§ Activity: Starting with the line where "ふわふわの可愛いらしいテディ" appears, print every line through the end of the entries below exactly as it stands, and leave out the pictures.

[Start of Attachment]

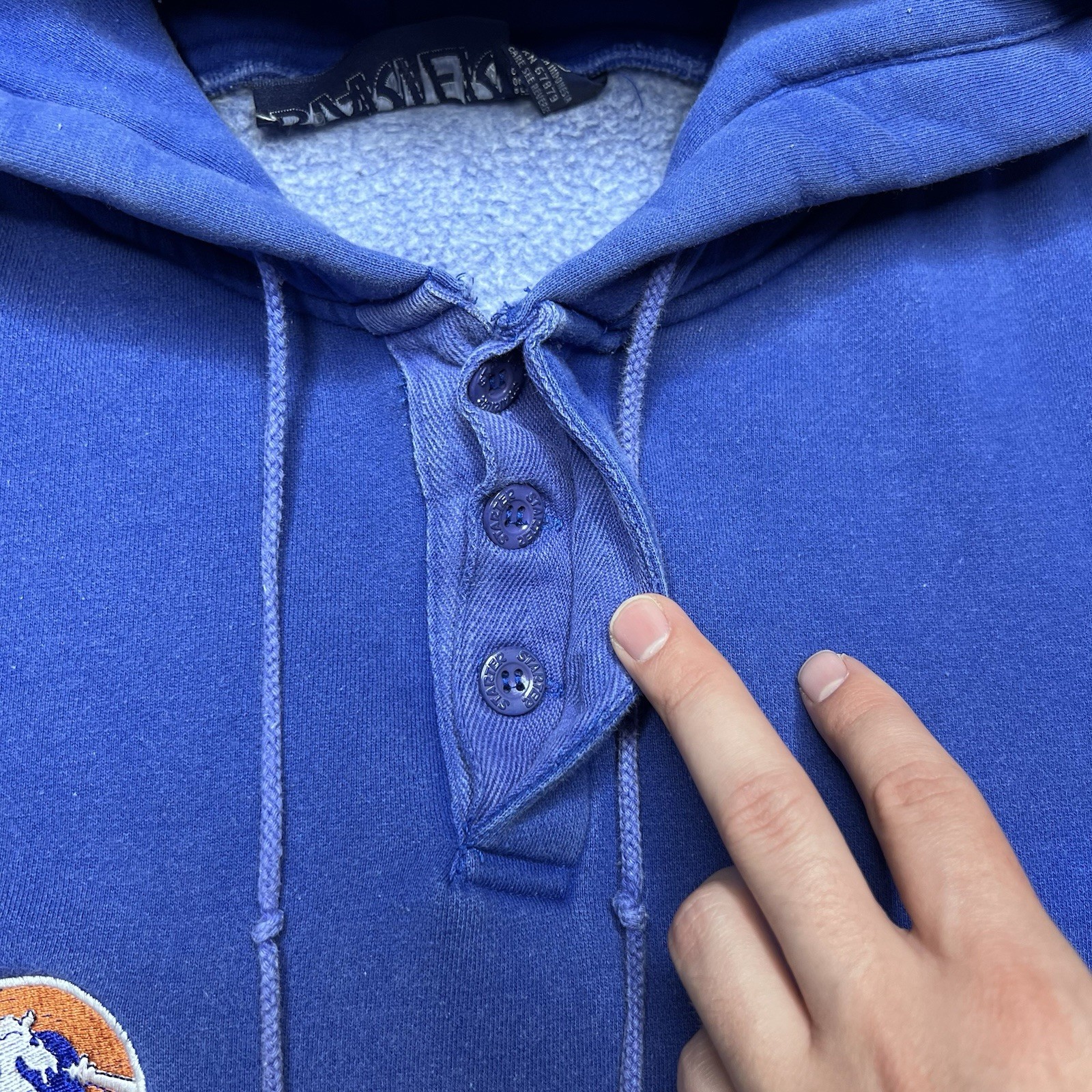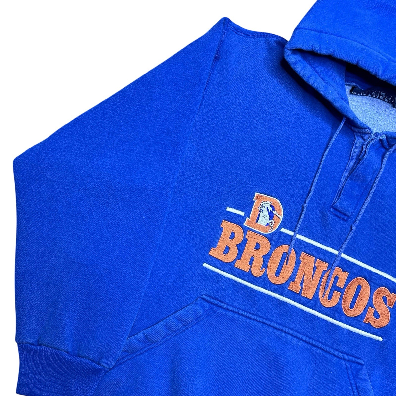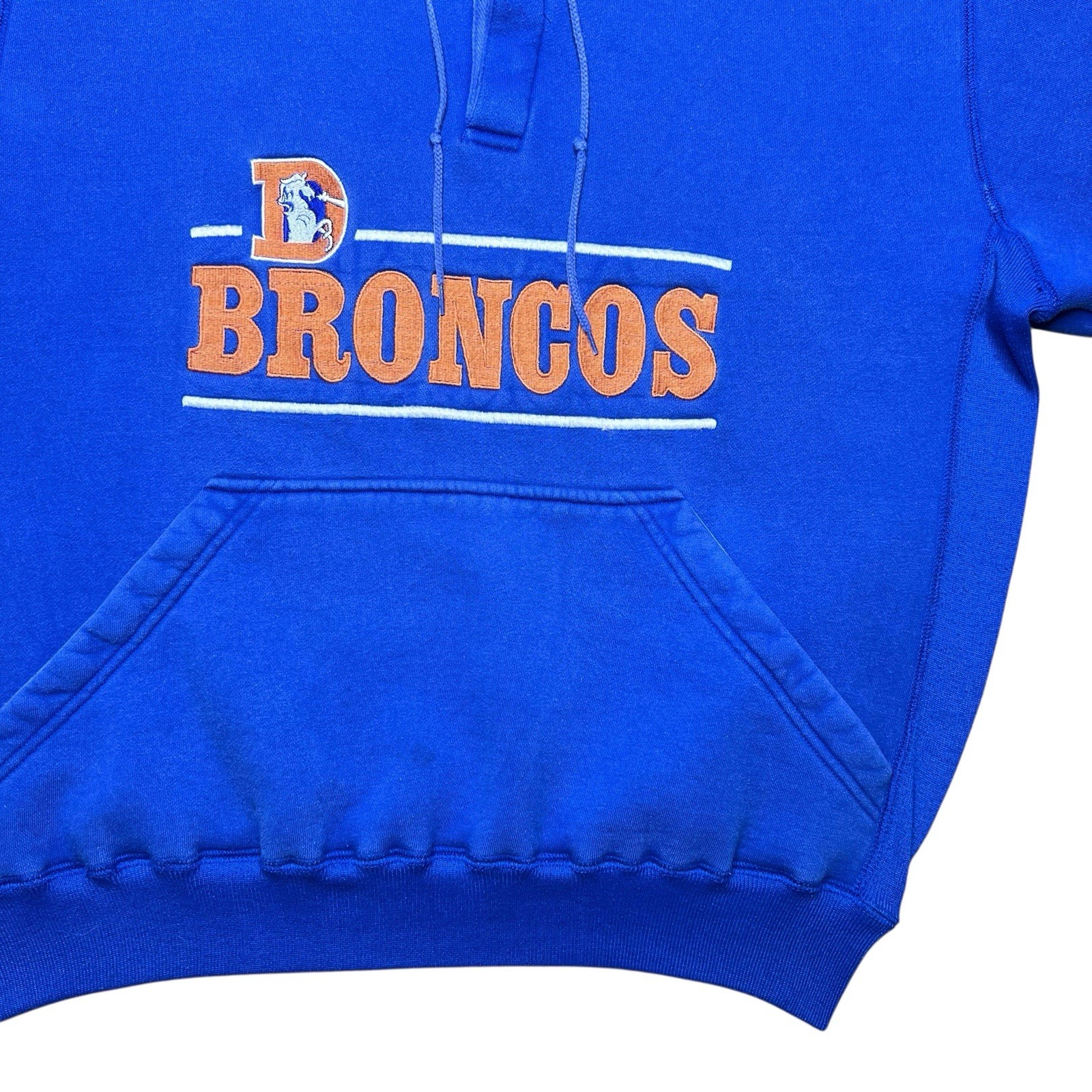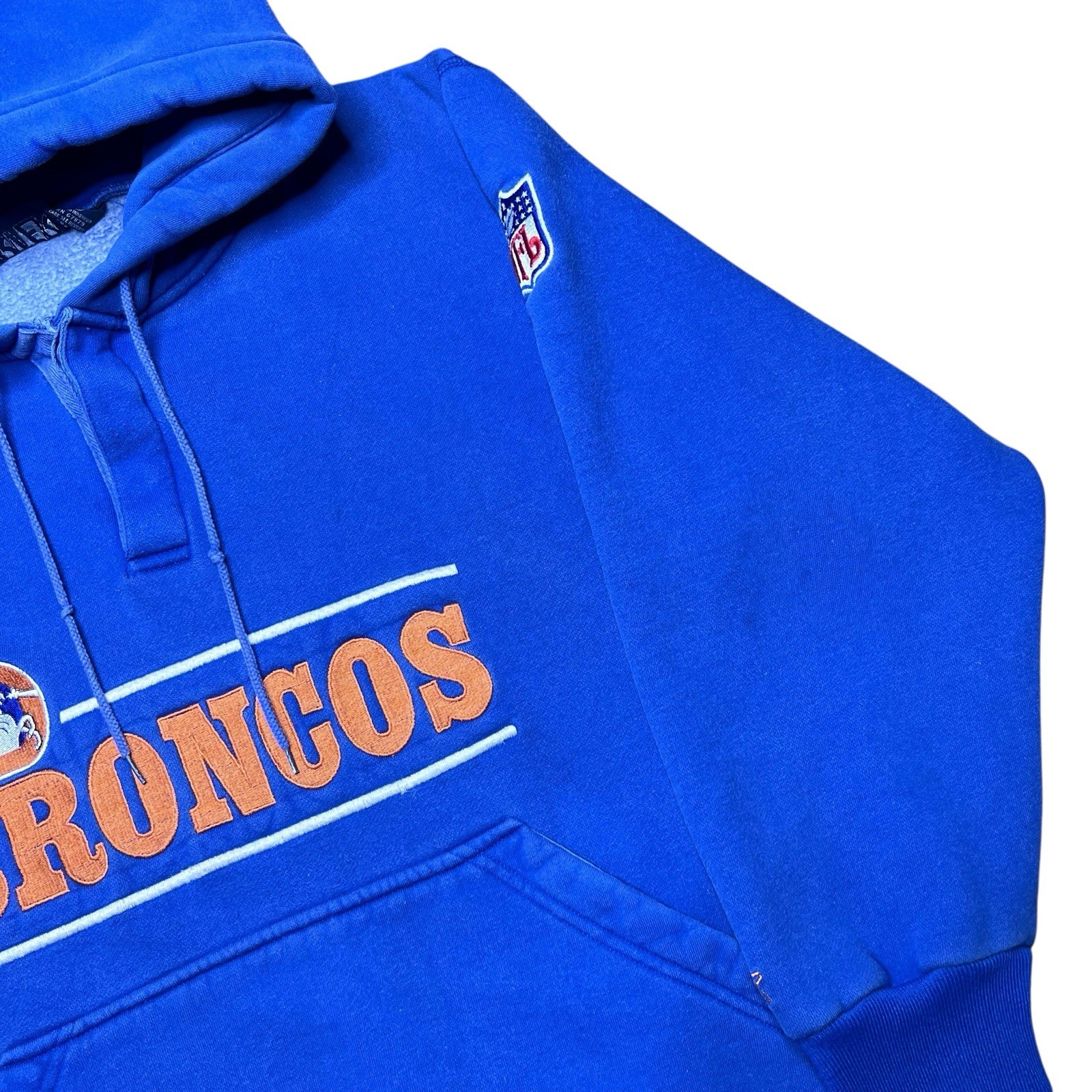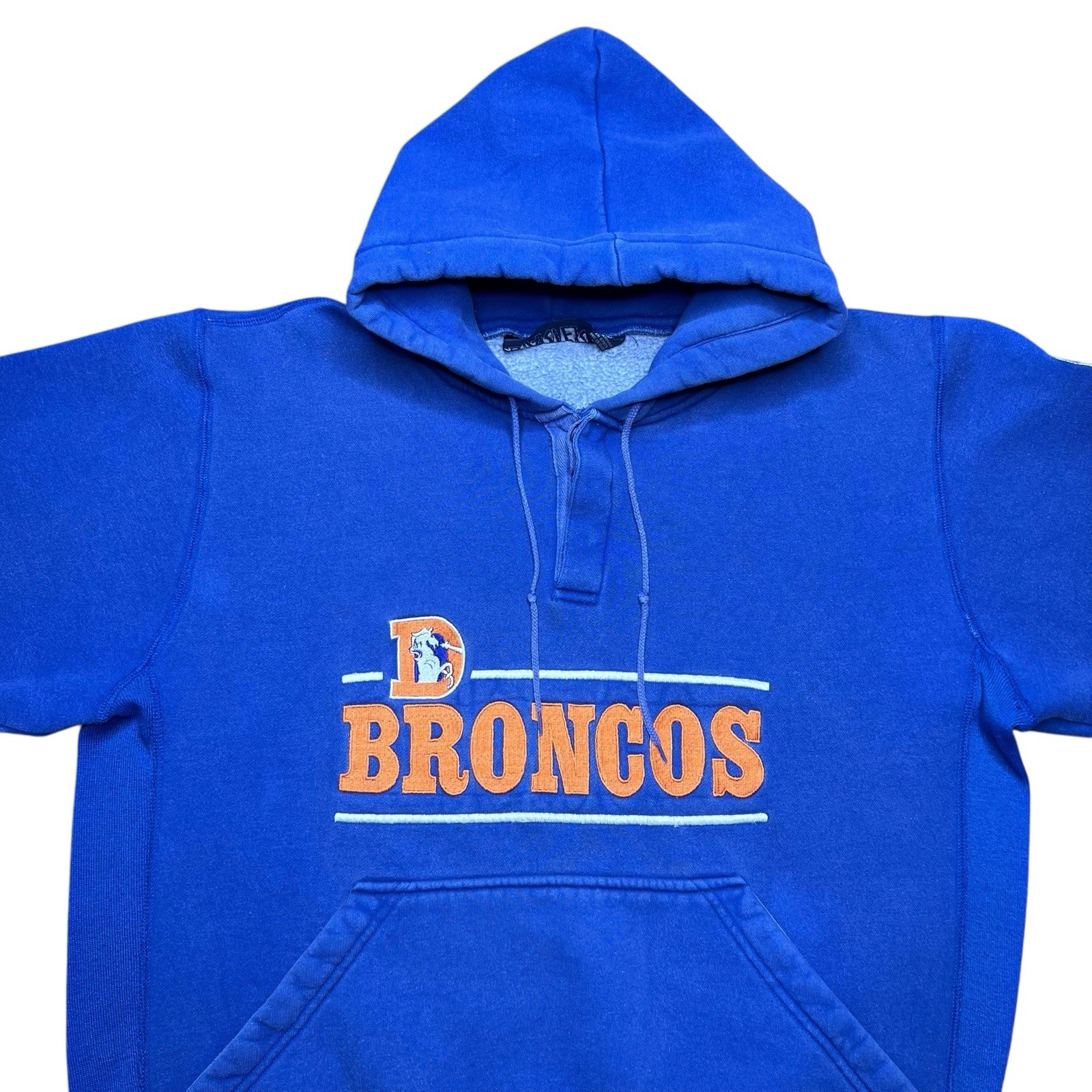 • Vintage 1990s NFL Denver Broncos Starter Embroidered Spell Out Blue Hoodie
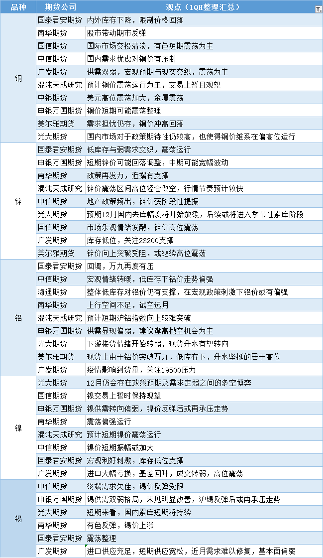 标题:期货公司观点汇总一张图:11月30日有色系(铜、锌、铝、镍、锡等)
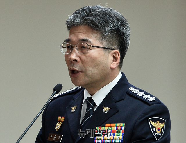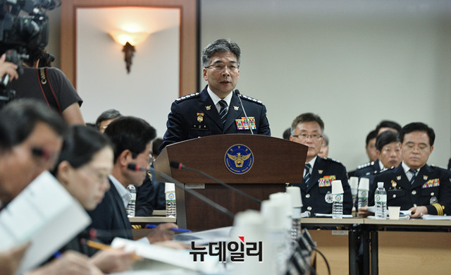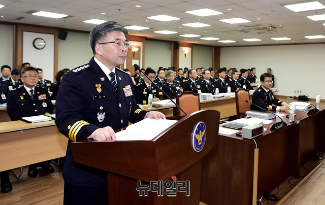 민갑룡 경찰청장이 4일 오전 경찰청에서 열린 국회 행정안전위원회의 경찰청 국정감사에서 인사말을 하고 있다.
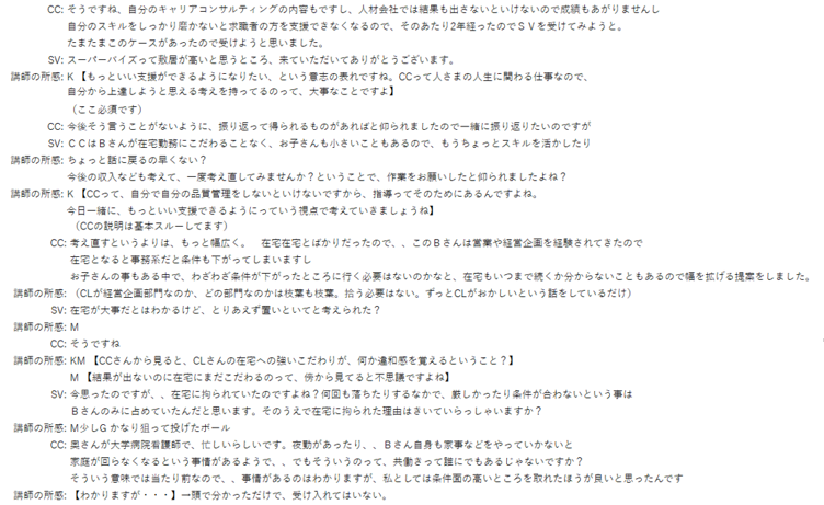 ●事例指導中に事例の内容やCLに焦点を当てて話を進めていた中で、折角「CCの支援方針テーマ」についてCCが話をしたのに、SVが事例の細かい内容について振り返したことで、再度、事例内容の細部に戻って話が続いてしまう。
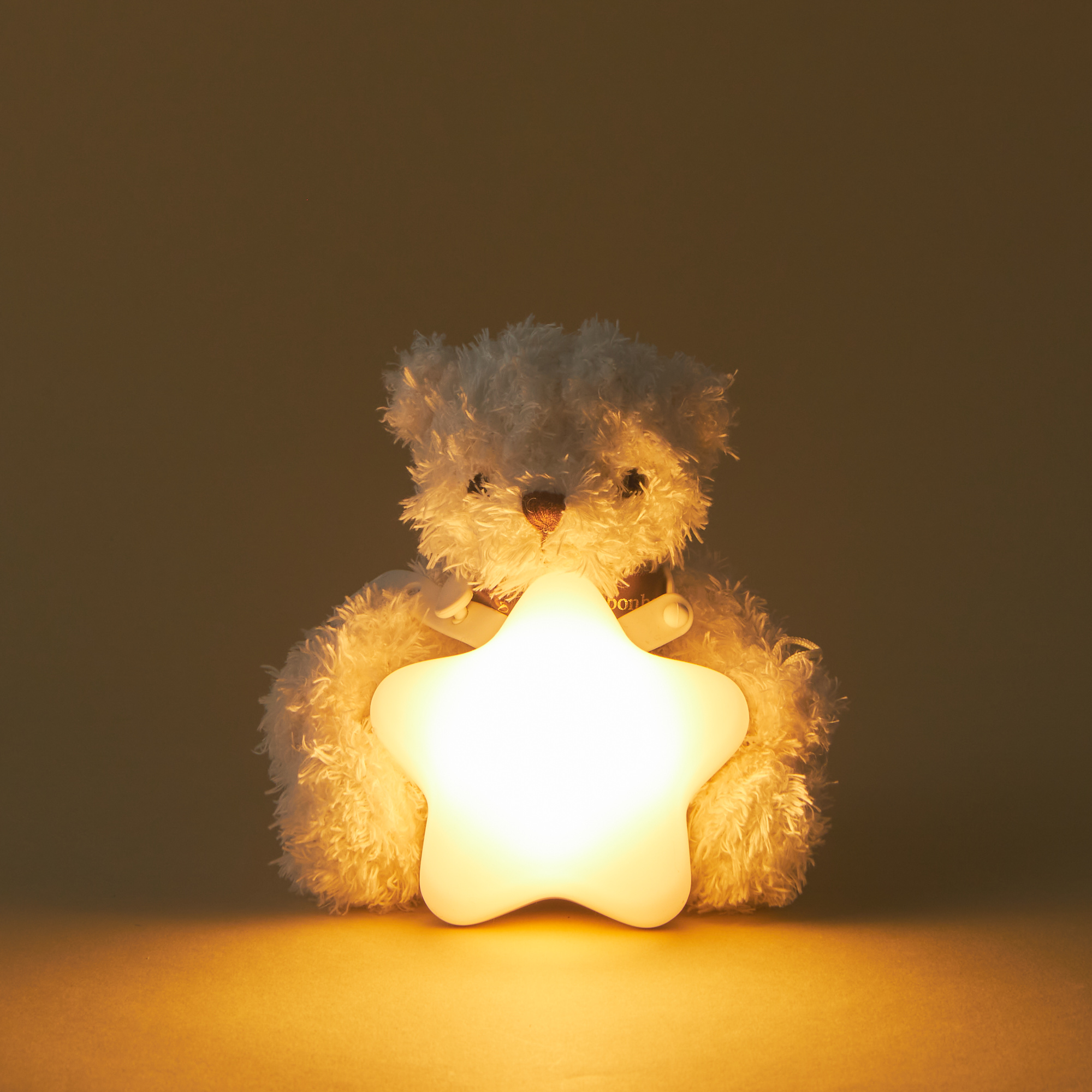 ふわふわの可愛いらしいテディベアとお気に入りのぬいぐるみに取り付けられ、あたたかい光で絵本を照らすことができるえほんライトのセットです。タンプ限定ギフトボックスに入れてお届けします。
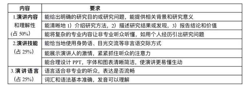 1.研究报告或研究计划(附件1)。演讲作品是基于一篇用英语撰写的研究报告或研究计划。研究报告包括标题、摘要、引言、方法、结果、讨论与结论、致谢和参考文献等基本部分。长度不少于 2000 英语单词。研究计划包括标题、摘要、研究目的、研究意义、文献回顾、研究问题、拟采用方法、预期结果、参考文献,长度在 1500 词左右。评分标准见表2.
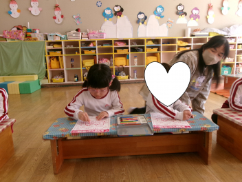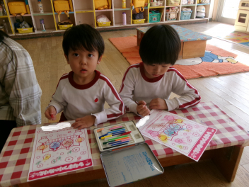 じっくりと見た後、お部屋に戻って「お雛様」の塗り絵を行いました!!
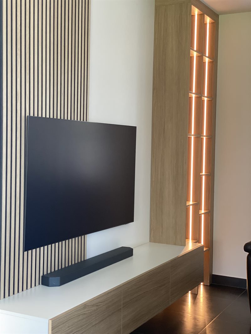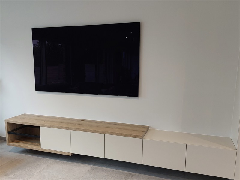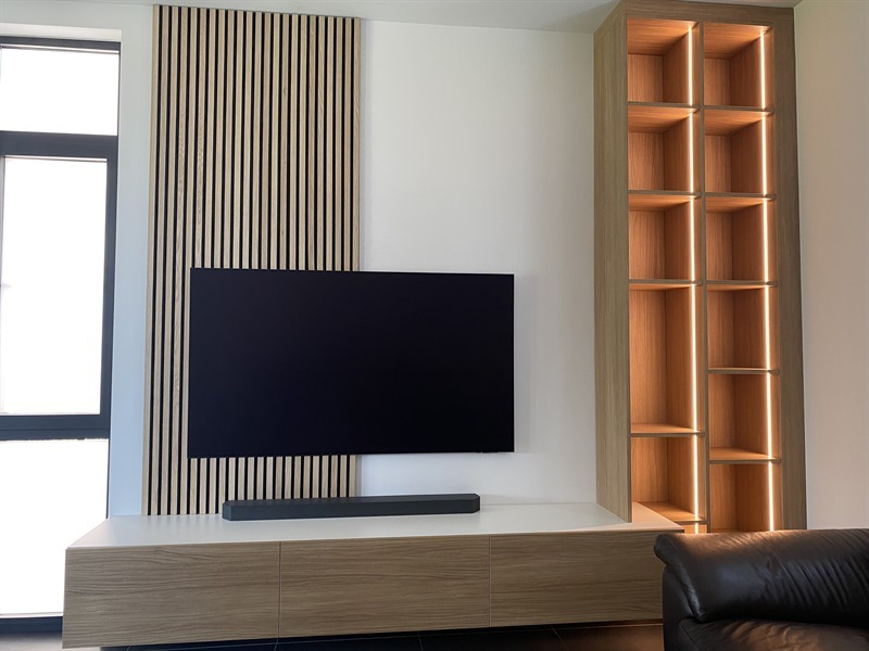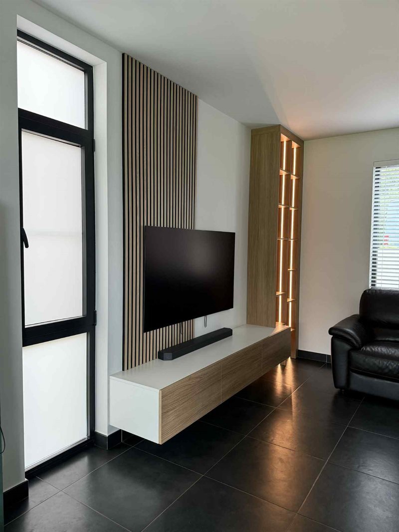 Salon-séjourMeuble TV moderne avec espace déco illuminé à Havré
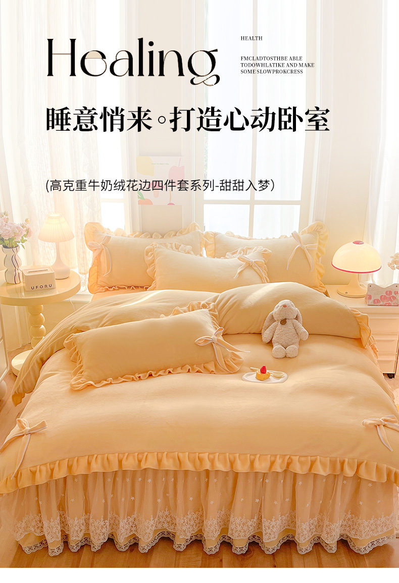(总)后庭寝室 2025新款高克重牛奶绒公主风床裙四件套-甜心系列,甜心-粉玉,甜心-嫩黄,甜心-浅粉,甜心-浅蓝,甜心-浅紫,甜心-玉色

[End of Attachment]

§ Result:
 ふわふわの可愛いらしいテディベアとお気に入りのぬいぐるみに取り付けられ、あたたかい光で絵本を照らすことができるえほんライトのセットです。タンプ限定ギフトボックスに入れてお届けします。
 1.研究报告或研究计划(附件1)。演讲作品是基于一篇用英语撰写的研究报告或研究计划。研究报告包括标题、摘要、引言、方法、结果、讨论与结论、致谢和参考文献等基本部分。长度不少于 2000 英语单词。研究计划包括标题、摘要、研究目的、研究意义、文献回顾、研究问题、拟采用方法、预期结果、参考文献,长度在 1500 词左右。评分标准见表2.
 じっくりと見た後、お部屋に戻って「お雛様」の塗り絵を行いました!!
 Salon-séjourMeuble TV moderne avec espace déco illuminé à Havré
(总)后庭寝室 2025新款高克重牛奶绒公主风床裙四件套-甜心系列,甜心-粉玉,甜心-嫩黄,甜心-浅粉,甜心-浅蓝,甜心-浅紫,甜心-玉色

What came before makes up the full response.